K242CE

Meraux, Louisiana; United States;
- Broadcast area: New Orleans metropolitan area
- Frequency: 96.3 MHz
- Branding: Throwback 96.3

Programming
- Format: Classic hip hop

Ownership
- Owner: iHeartMedia, Inc.; (iHM Licenses, LLC);
- Sister stations: WFFX, WNOE-FM, WODT, WQUE-FM, WRNO-FM, WYLD WYLD-FM

History
- First air date: August 1, 2012

Technical information
- Licensing authority: FCC
- Facility ID: 146875
- Class: D
- ERP: 250 watts
- HAAT: 223 meters (732 feet)
- Transmitter coordinates: 29°57′01″N 90°04′15″W﻿ / ﻿29.95027°N 90.07087°W
- Repeater: 99.5-2 WRNO-FM HD2

Links
- Public license information: Public file; LMS;
- Webcast: Listen Live
- Website: https://throwback963.iheart.com/

= K242CE =

K242CE (96.3 FM), branded as "Throwback 96.3", is a classic hip hop radio station translator, simulcasting 99.5 WRNO-FM HD-2 licensed to Meraux, Louisiana.

==History==
In February 2007, WYLD-FM 98.5 FM began broadcasting a smooth jazz format on its HD-2 frequency.

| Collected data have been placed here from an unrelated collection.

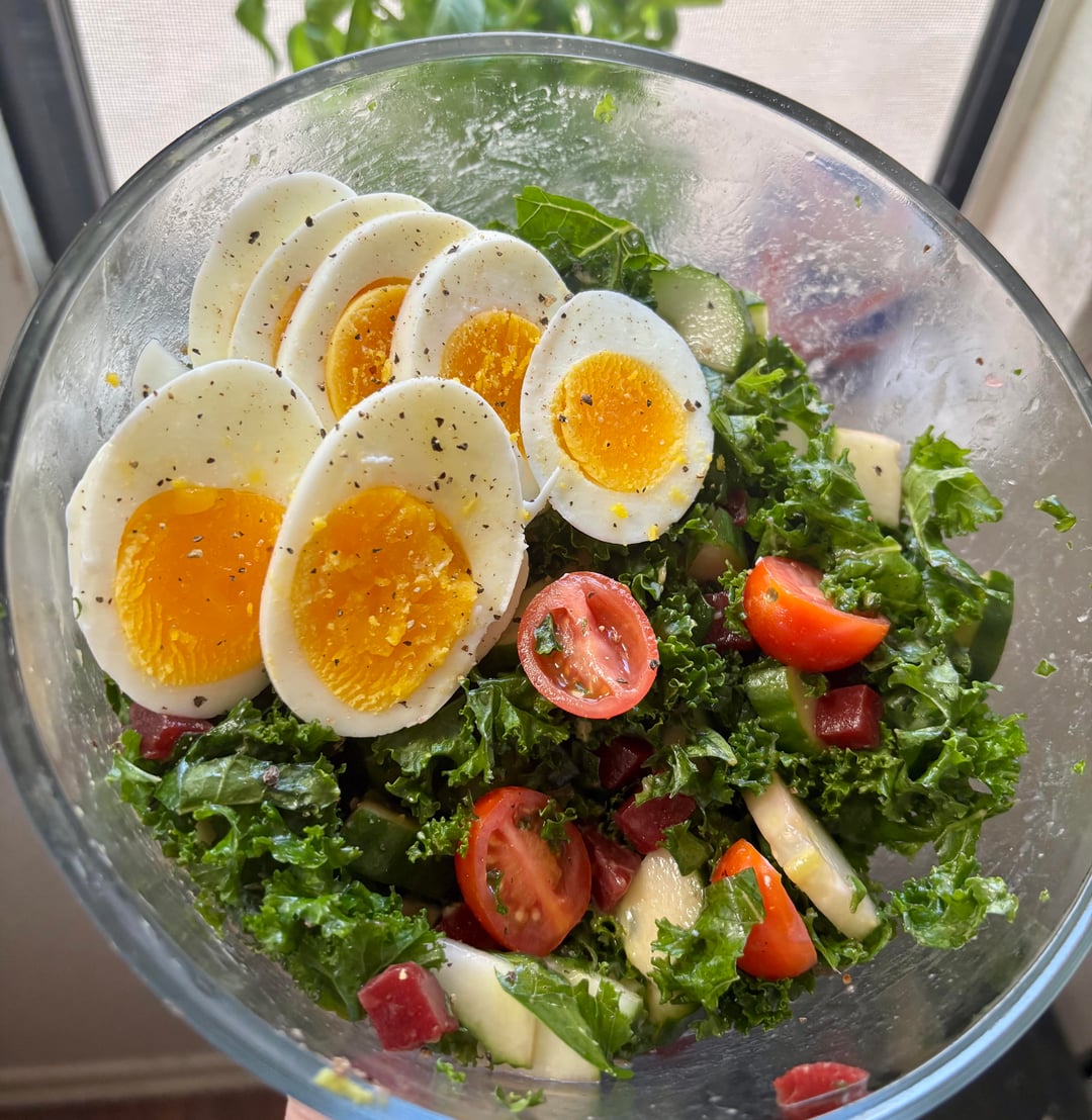 Been feeling very unhealthy lately, so I made a huge salad. No dressing, but I spritzed olive oil on the kale to massage it, topped it with black garlic salt.
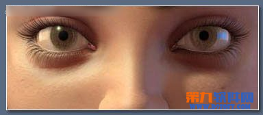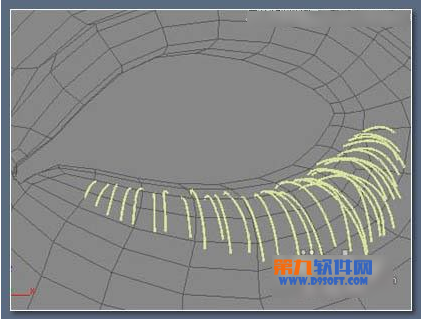现在简单的指定一个深褐色的材质给眼睫毛,在"opacity"槽放置一幅gradient map(渐变贴图),最后重复前面的步骤产生上面的眼睫毛,然后镜像给另一只眼。
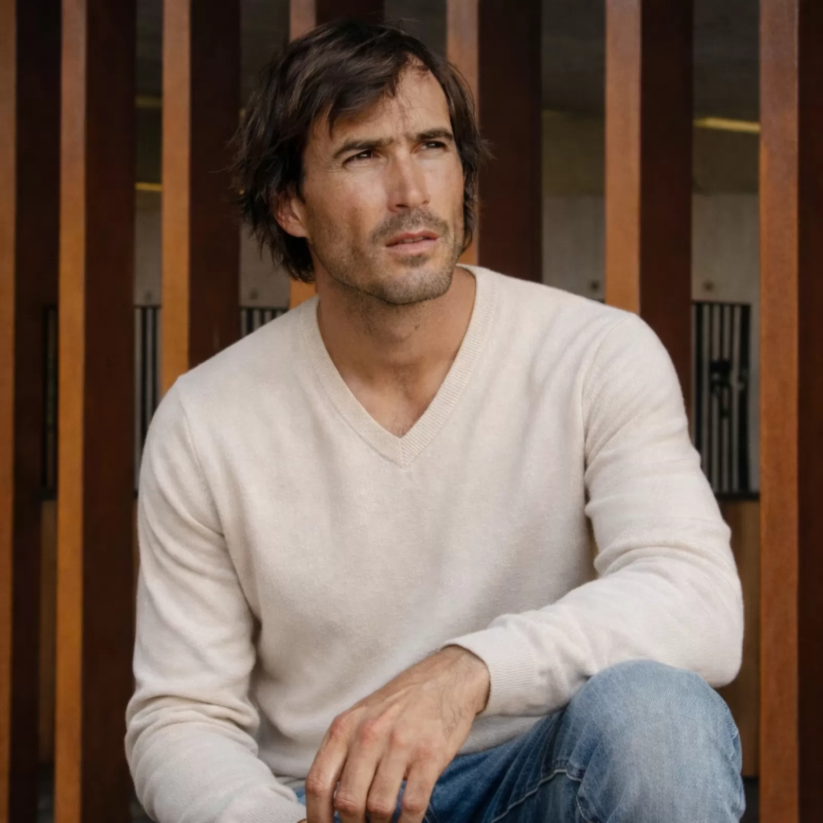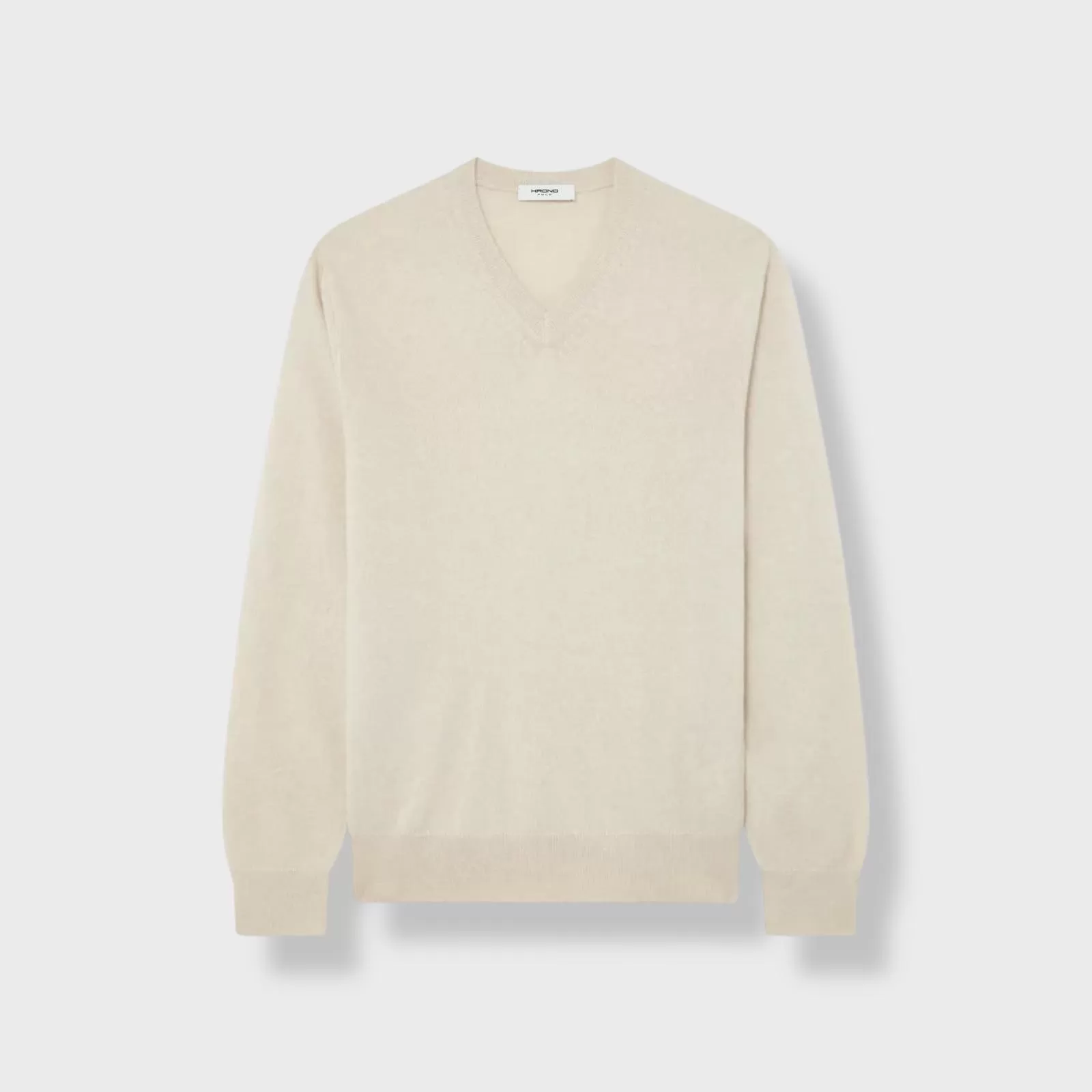 Con su cuello en V limpio y un corte regular bien equilibrado, ofrece una silueta relajada pero refinada. El tono beige claro evoca paddocks bañados por el sol, tardes tranquilas en la cuadra y la elegancia natural de los viajes entre torneos en climas cálidos. Fácil de combinar sobre una camisa o bajo una chaqueta, se adapta perfectamente tanto a vaqueros como a pantalones más formales.
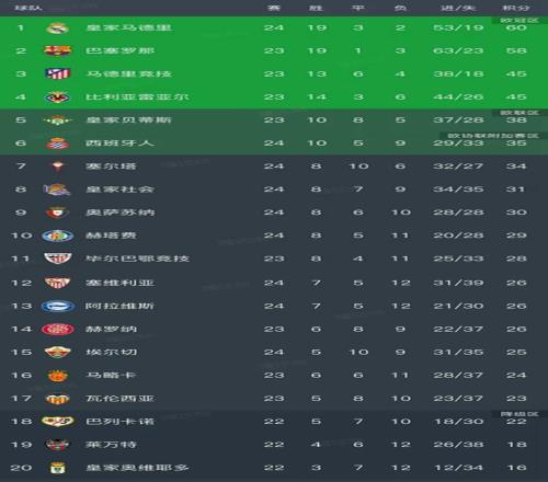 随着皇马41,黄潜12,西甲第24轮最新排名出炉!皇马超巴萨2分
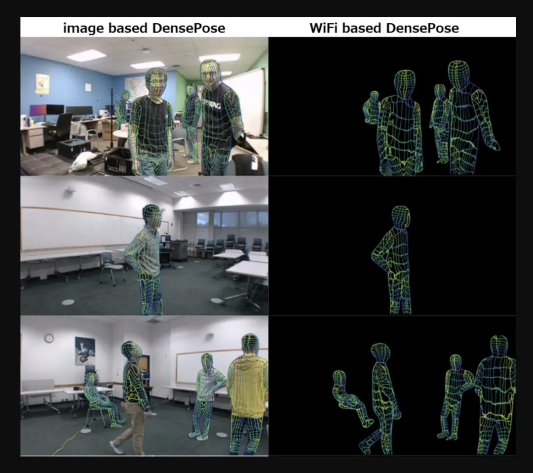 下图左为基于图像的 DensePose,图右为基于 WiFi 的 DensePose。
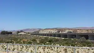 Santa Maria River as seen from a bike trail on the Santa Barbara County side, with the 101 Freeway bridge visible

On August 1, 2012, the HD-2 frequency and translator of 98.5 FM WYLD-FM dropped its smooth jazz format for Top 40 (CHR) as "96.3 KISS FM." This marks the second time in this market that Clear Channel has used the Top 40 "KISS-FM" brand, which was last used at KSTE.

96.3 and 98.5 HD-2 KISS-FM aired radio personalities from other KISS-FM stations in the United States, and is jockless. The station does have local insertion of station identification, local commercials, and traffic reports.

"Rock 96.3" logo from 2014 to 2017)

On February 17, 2014, at noon, K242CE changed their format to active rock, branded as "Rock 96.3", relaying WRNO-FM HD2. The first song on Rock 96.3 was For Those About to Rock (We Salute You) by AC/DC. The change came a month after the previous active rock outlet in New Orleans, WRKN, flipped to country as "Nash FM 92.3".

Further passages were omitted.